TASK BRIEF:
Retype every line from the top of the entries down to the one with "12月17日,数据机构Squ", both included, and skip the pictures.

Top of RECORDS SHOWN

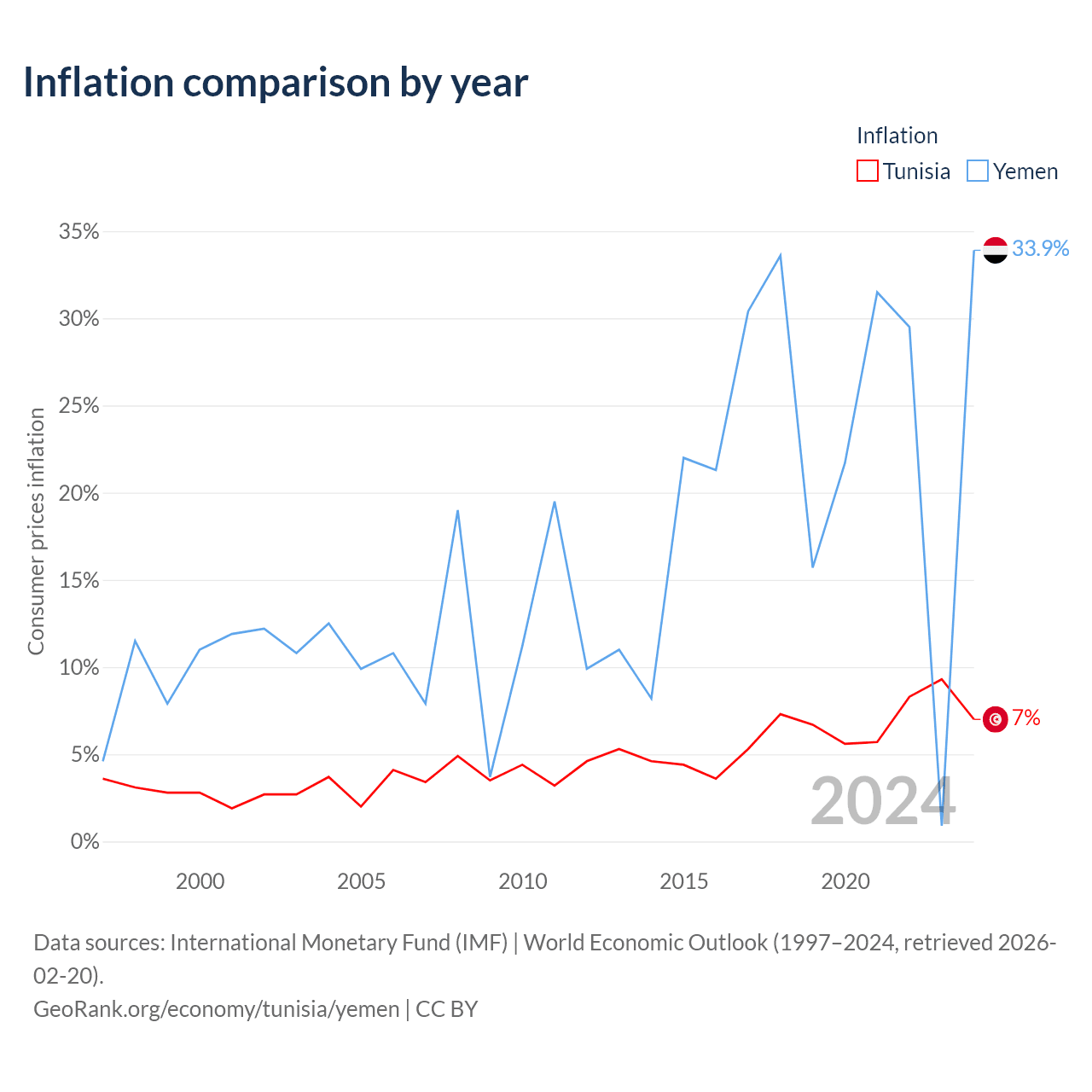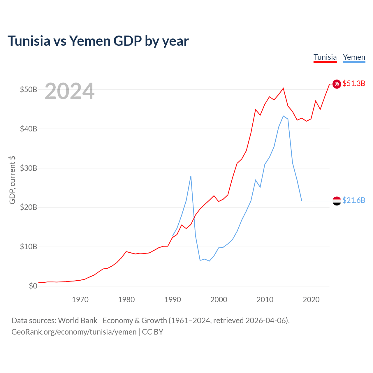 Tunisia has a GDP of $51.3B compared to $21.6B for Yemen, ranking 93/197 and 125/197 by economy size, respectively.
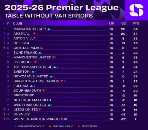 12月17日,数据机构Squawka统计了去掉有争议的VAR判罚的英超积分榜。如果没有VAR争议判罚,曼城将会反超阿森纳,上升到英超榜首的位置。
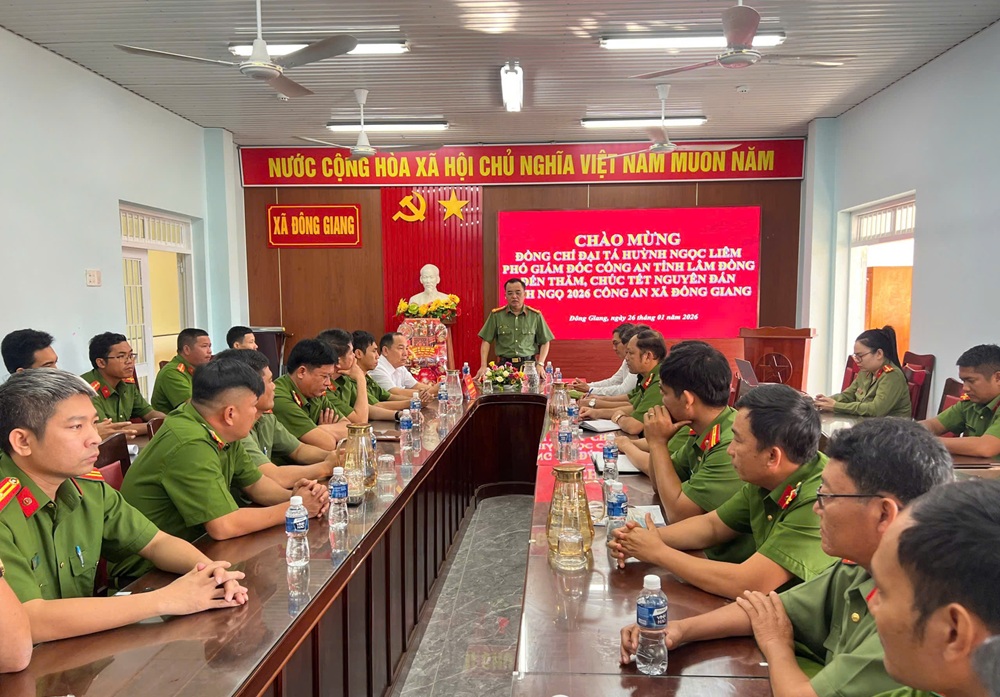 Cũng trong sáng ngày 26/01/2026, tại xã Đông Giang, đồng chí Phó Giám đốc đánh giá cao tinh thần đoàn kết, khắc phục khó khăn của lực lượng Công an xã trong công tác nắm tình hình, giữ gìn ANTT tại cơ sở. Đồng chí yêu cầu Công an xã Đông Giang tiếp tục triển khai nghiêm túc các phương án bảo đảm ANTT trong dịp Tết, chủ động phòng ngừa, đấu tranh hiệu quả với các loại tội phạm, đảm bảo cho Nhân dân đón Xuân an toàn, lành mạnh. Đồng thời chỉ đạo đơn vị chuẩn bị tốt các điều kiện phục vụ cuộc bầu cử Đại biểu Quốc hội khóa XVI và HĐND các cấp, nhiệm kỳ 2026–2031.
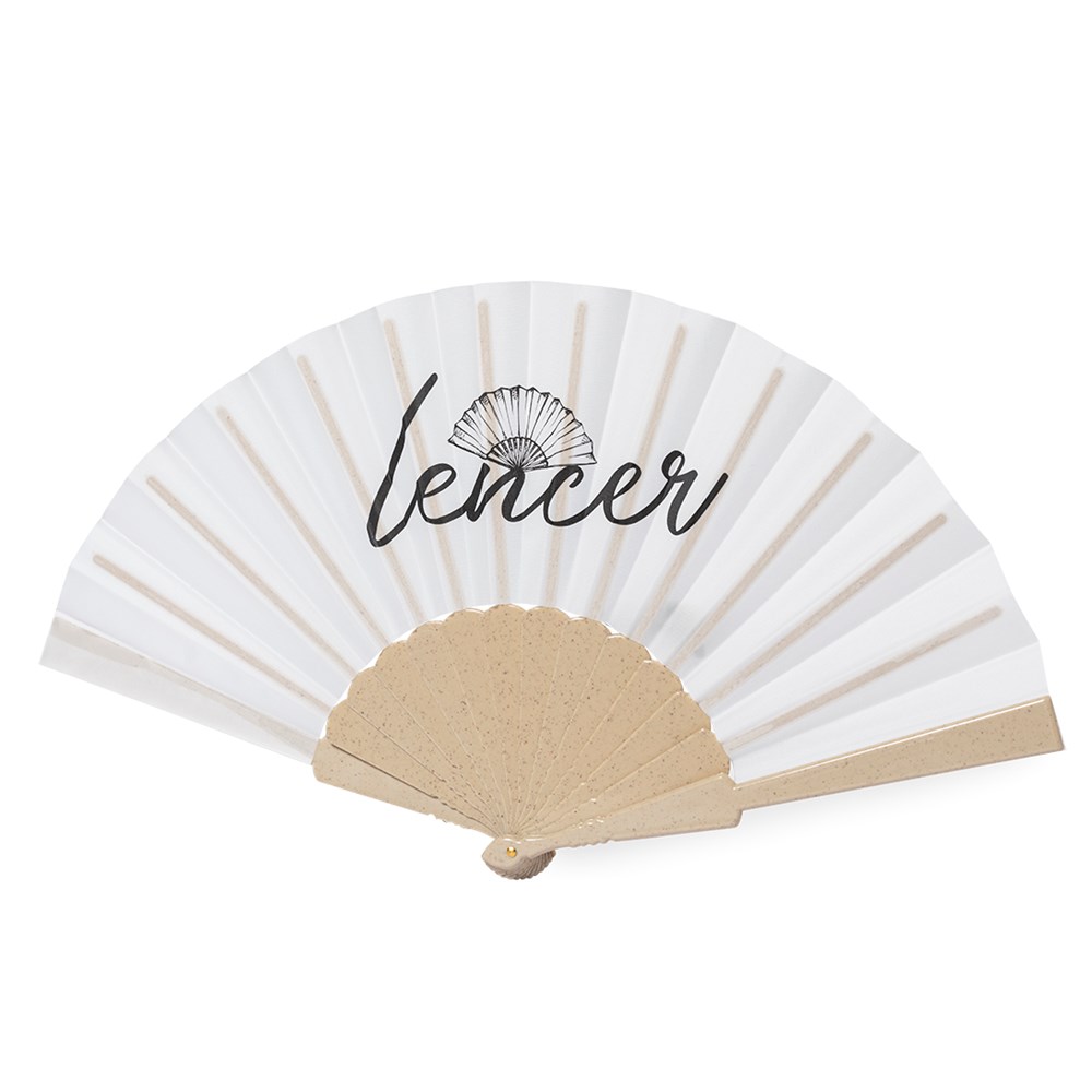 Natuurlijke waaier met bamboevezelribben en -weefsel in RPET-materiaal, verkregen uit gerecycleerde plastic materialen, om het hergebruik van plastic resten te stimuleren en bij te dragen aan de duurzaamheid van de aarde. Gepresenteerd in een individuele, eco-design box.
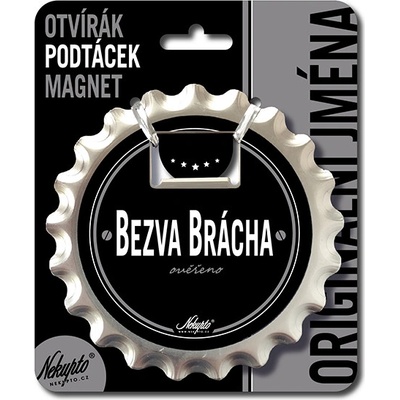 Otvírák na pivo s věnováním "Bezva brácha", to je unikátní a praktický dárek pro bratra. Slouží současně i jako podtácek a magnet.
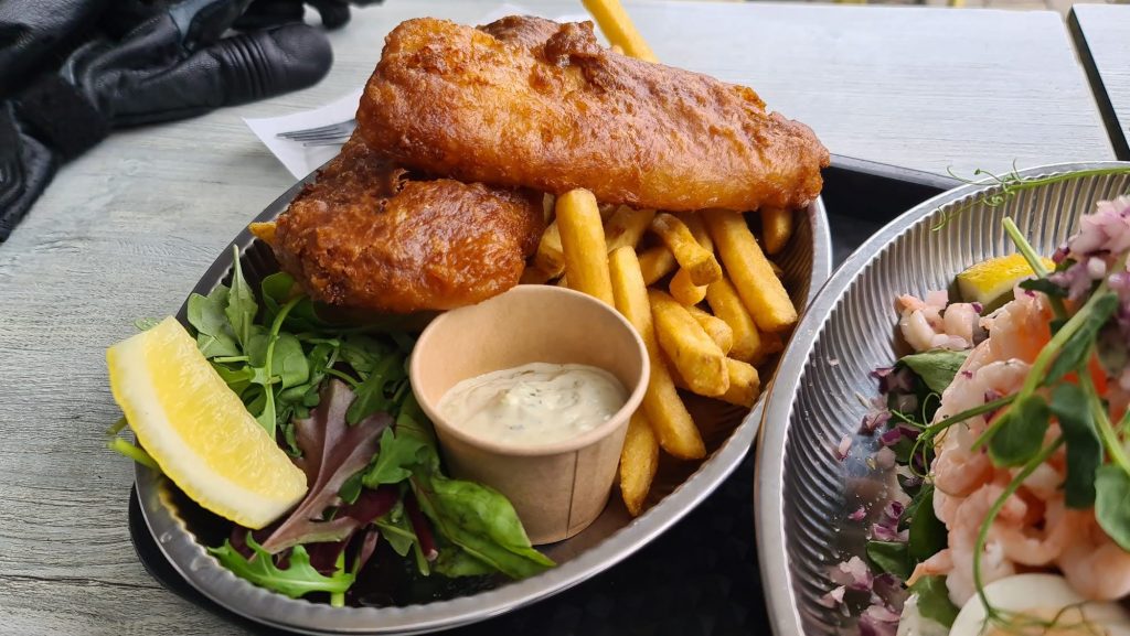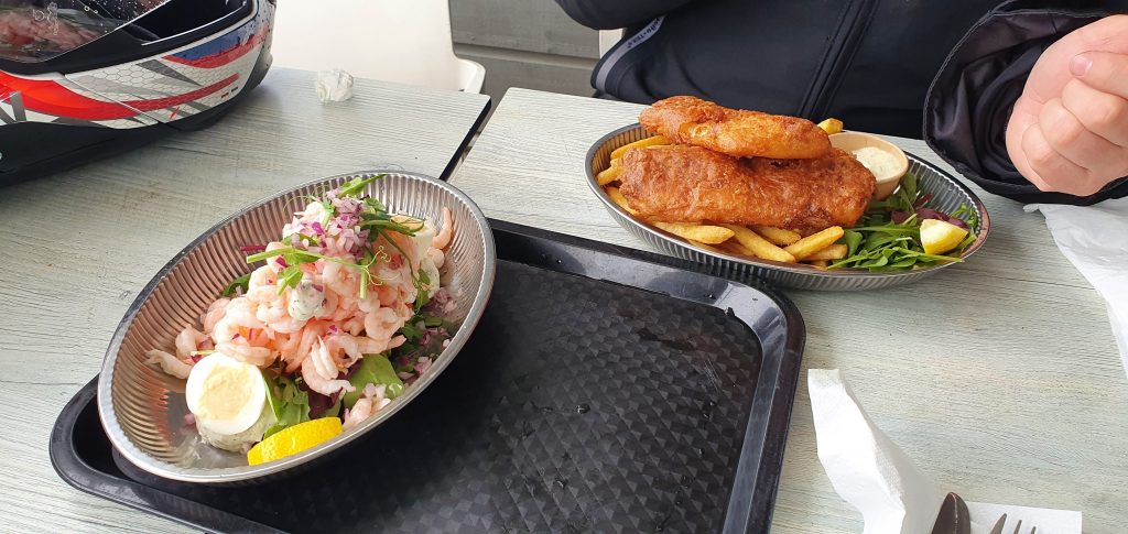 Als wir dann raus kamen fing es tatsächlich doch an zu Regnen dann und nach einem Blick aufs Regenradar meinte Daniel es wäre nur ein kurzer Schauer. Also fuhren wir von der Mosterei rüber zu Buhres Fisk an den Hafen um dort etwas zu Essen.
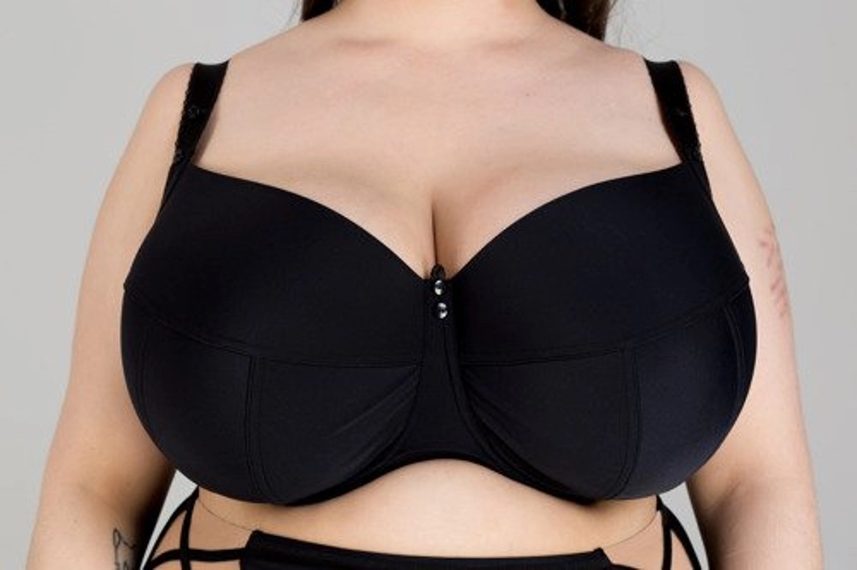 The bra is layered with knitwear, additionally it features intriguing black spaghetti straps on decolette, with sliders making it easy to adjust their lenght to each bust individually. These straps are fully detachable!

Bottom of RECORDS SHOWN

SOLUTION BELOW:
 Tunisia has a GDP of $51.3B compared to $21.6B for Yemen, ranking 93/197 and 125/197 by economy size, respectively.
 12月17日,数据机构Squawka统计了去掉有争议的VAR判罚的英超积分榜。如果没有VAR争议判罚,曼城将会反超阿森纳,上升到英超榜首的位置。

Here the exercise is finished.